Beginning this summer, DoAg will offer On-Farm Readiness Reviews (OFRR) for farms participating in the aforementioned grower training course.  This will consist of a walk through with DoAg staff and/or UConn staff.  During this visit, produce safety practices will be reviewed and suggestions will be made for any observation that does not meet the requirements of the PSR.  This visit is intended to prepare participating farms for future regulatory inspection required by the PSR.

The development of a state produce safety program is an extraordinary challenge.  Recent regional produce safety meetings with other states have included discussions regarding market access for the small farmer.  Small farms not subject to the PSR, or farms exempted from the PSR, may have difficulty selling products to some customers due to limited access to a produce safety compliance program. 
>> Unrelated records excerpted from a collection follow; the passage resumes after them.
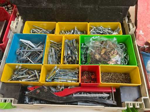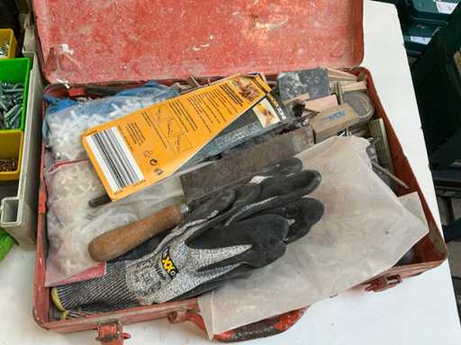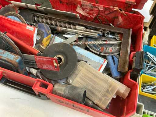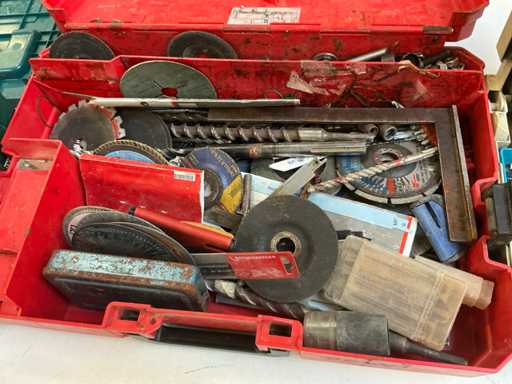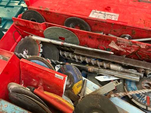 diverse conținuturi, inclusiv burghie, roți de șlefuit, unelte manuale, elemente de prindere, ....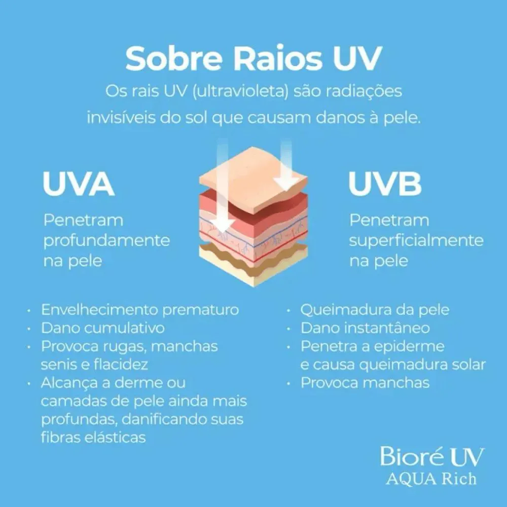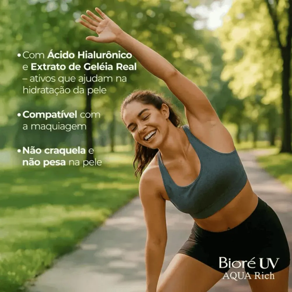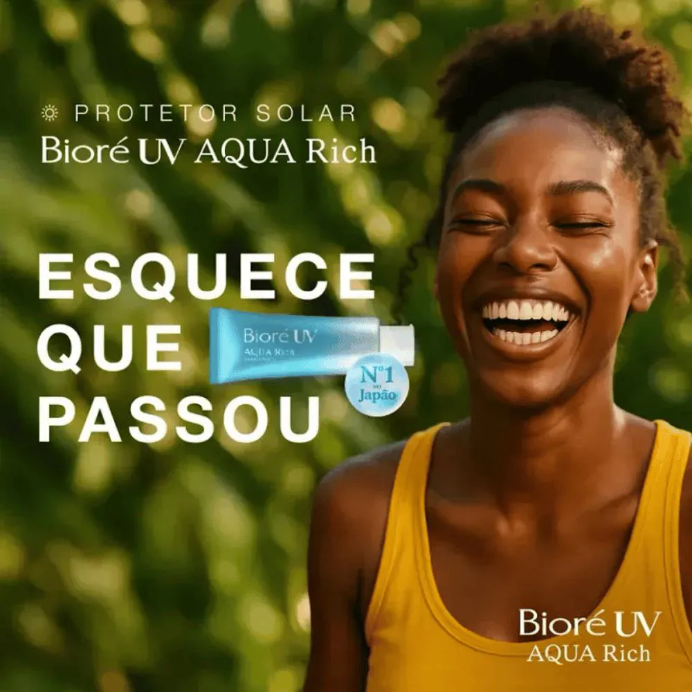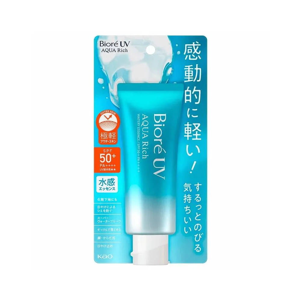 Bioré, a marca Nº 1 em proteção solar no Japão, apresenta Aqua Rich. O protetor solar facial e corporal Aqua Rich Watery Essence com alta proteção UVA e UVB (FPS 50) oferece alta proteção solar de forma leve e fresca, sem pesar. Com sua textura gel aquosa incrivelmente leve e acabamento transparente, não deixa a pele esbranquiçada, oleosa ou pegajosa e é rapidamente absorvido. Graças a sua exclusiva tecnologia MICRO DEFENSE proporciona cobertura uniforme da pele incluindo áreas irregulares. Formulado com ácido hialurônico e extrato de geleia real, ingredientes hidratantes que auxiliam na hidratação da pele. Uma experiência diferente em proteção solar, testada e aprovada no Brasil, por mais de 800 mulheres, com diferentes tipos de pele.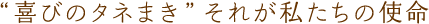 そして" 喜びのタネをまこう"という言葉に表された思想は、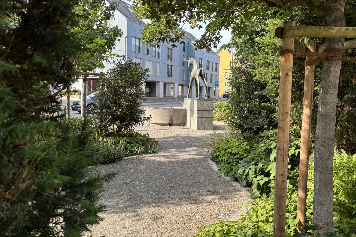 Um die Linde wurde die Fläche grossflächig entsiegelt. Nach Schwammstadtprinzip wurde eine riesige Baumgrube angelegt und mit Zukunftsbäumen sowie einheimischen Arten neu bepflanzt.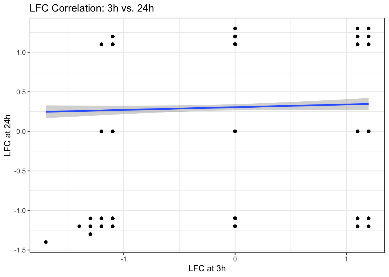 Let’s investigate the relationship between the log-fold change (LFC) at 3h and 24h. Understanding this correlation can reveal how gene expression changes evolve over time. We will use geom_smooth() to visualize this relationship with a linear regression line and its confidence interval, providing insight into the trend and variability.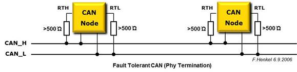 Ebenfalls im Gegensatz zum Differential CAN Bus ist eine solche Terminierung an jedem Bus-Teilnehmer (Node) vorgesehen, aber nicht zwingend notwendig. Übliche „Physical Layer“ Bausteine für einen „Fault Tolerant CAN“ bieten gesonderte Anschlüsse für die Referenzpegel der Terminierungswiderstände, diese Anschlüsse sind in der ISO Spezifikation definiert als RTH und RTL.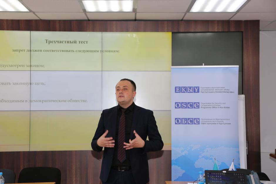 An international expert delivering a presentation at the training seminar for judges, Nur-Sultan, 12 November 2019.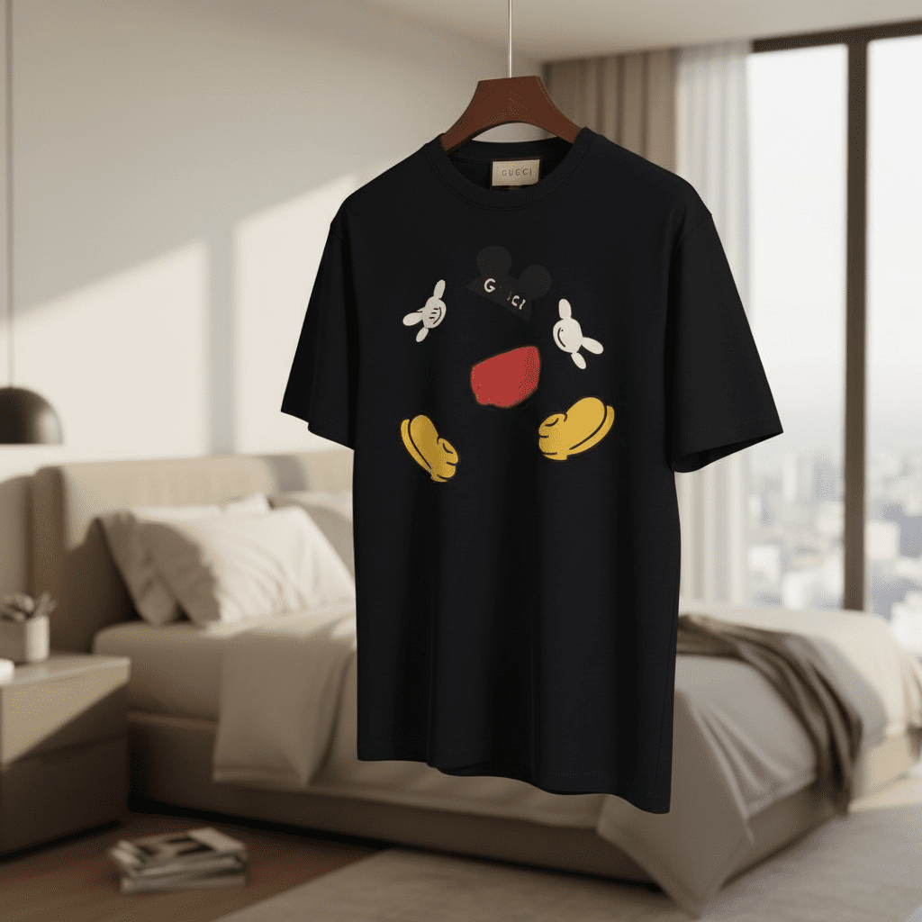 Gucci x Mickey Black Cotton T-Shirt features a split Mickey design and “G.CI” logo. Made from premium breathable cotton, this unisex top adds stylish comfort and playful charm to everyday outfits.

Some customers require food safety compliance verification.  This began with third party audits (GAP audits) and may shift to include verification of the PSR compliance.  DoAg has acknowledged this potential issue and Public Act No.17-208 allows DoAg to “conduct an inspection of a produce farm that is not subject to the requirements of the federal act upon request of the owner or operator of such produce farm”. This provision will allow DoAg to develop an all-inclusive produce safety program that will benefit the entire industry—large and small growers. 

Growing into FSMA will be no easy task.  DoAg is excited for the opportunity to lead in keeping Connecticut produce safe for consumers and to serve the produce industry with an “educate before and while we regulate” philosophy. Creating a produce safety program will allow the Connecticut produce industry to remain competitive at local, regional, and national levels.  DoAg continues to encourage farms and all industry stakeholders to participate in the training programs being offered and to take advantage of the resources currently available.